(Chapter 6.2.5 of Agresti book)
We simulate data from the following model: \[y_i^* = 2 + 0.6x_i - 4z_i + \epsilon_i\]
set.seed(1)
n <- 100
x <- runif(n, 0, 10)
z <- rbinom(n, 1, 0.5)
epsilon <- rnorm(n, 0, 1)
y_star <- 2 + 0.6 * x - 4 * z + epsilon
pch <- rep("1", n)
pch[z == 0] <- "0"
plot(x, y_star, pch = pch, xlim = c(0, 10), ylim = c(-3, 9))
abline(2, 0.6)
abline(-2, 0.6)
This figure shows the relationship between \(x\) and \(y^*\) at two levels of \(z\).
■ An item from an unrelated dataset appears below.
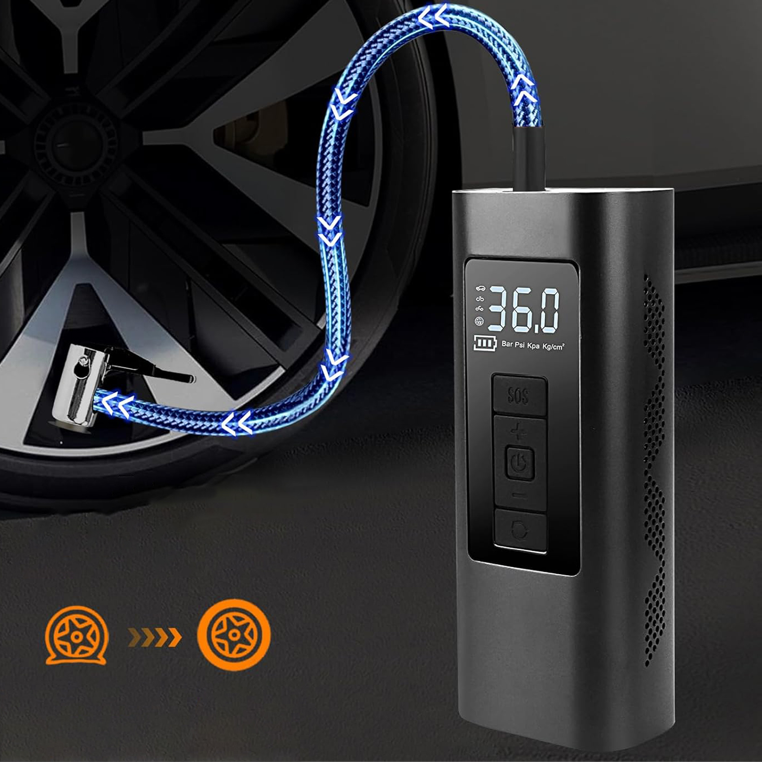 ✅5. Накачка шин с цифровым манометром и подсветкой: ⭐Этот накачиватель шин с цифровым воздушным компрессором оснащен ярким ЖК-экраном, поэтому им можно легко пользоваться даже в темноте. Этот беспроводной насос для накачивания шин также оснащен функциями SOS и подсветкой, которые помогут вам в экстренных ситуациях.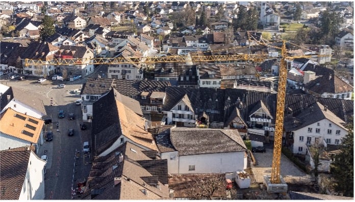 Rechts: Der lange Ausleger des Krans erlaubt es, Material von der Anlieferung in der Schulgasse über die Häuser zur Baustelle im Hinterhof zu heben.

Clearly, there is no interaction between \(x\) and \(z\) in affecting \(y^*\).
Now consider the scenario that we can only measure \(y\), a discretized version of \(y^*\).
y <- rep(1, n)
y[y_star > 2 & y_star <=4] <- 2
y[y_star > 4 & y_star <=6] <- 3
y[y_star > 6 & y_star <=8] <- 4
y[y_star > 8] <- 5
lm.fit1 <- lm(y[z == 1] ~ x[z==1])
lm.fit2 <- lm(y[z == 0] ~ x[z==0])
plot(x, y, pch = pch, xlim = c(0, 10), ylim = c(0, 5))
abline(lm.fit1$coefficients[1], lm.fit1$coefficients[2])
abline(lm.fit2$coefficients[1], lm.fit2$coefficients[2])
One can see that each category has different variances
lm.fit3 <- lm(y ~ x + z + x:z)
summary(lm.fit3)
##
## Call:
## lm(formula = y ~ x + z + x:z)
##
## Residuals:
## Min 1Q Median 3Q Max
## -1.10736 -0.34012 0.01254 0.23616 1.17697
##
## Coefficients:
## Estimate Std. Error t value Pr(>|t|)
## (Intercept) 1.87577 0.17175 10.921 < 2e-16 ***
## x 0.23284 0.02894 8.045 2.28e-12 ***
## z -1.17386 0.21924 -5.354 5.86e-07 ***
## x:z -0.09913 0.03747 -2.646 0.00952 **
## ---
## Signif. codes: 0 '***' 0.001 '**' 0.01 '*' 0.05 '.' 0.1 ' ' 1
##
## Residual standard error: 0.4881 on 96 degrees of freedom
## Multiple R-squared: 0.8137, Adjusted R-squared: 0.8079
## F-statistic: 139.8 on 3 and 96 DF, p-value: < 2.2e-16
Incorrect inference of the interaction due to a flooring effect and a ceiling effect. In contrast, if we can observe \(y^*\), we can pbtain the current estimation.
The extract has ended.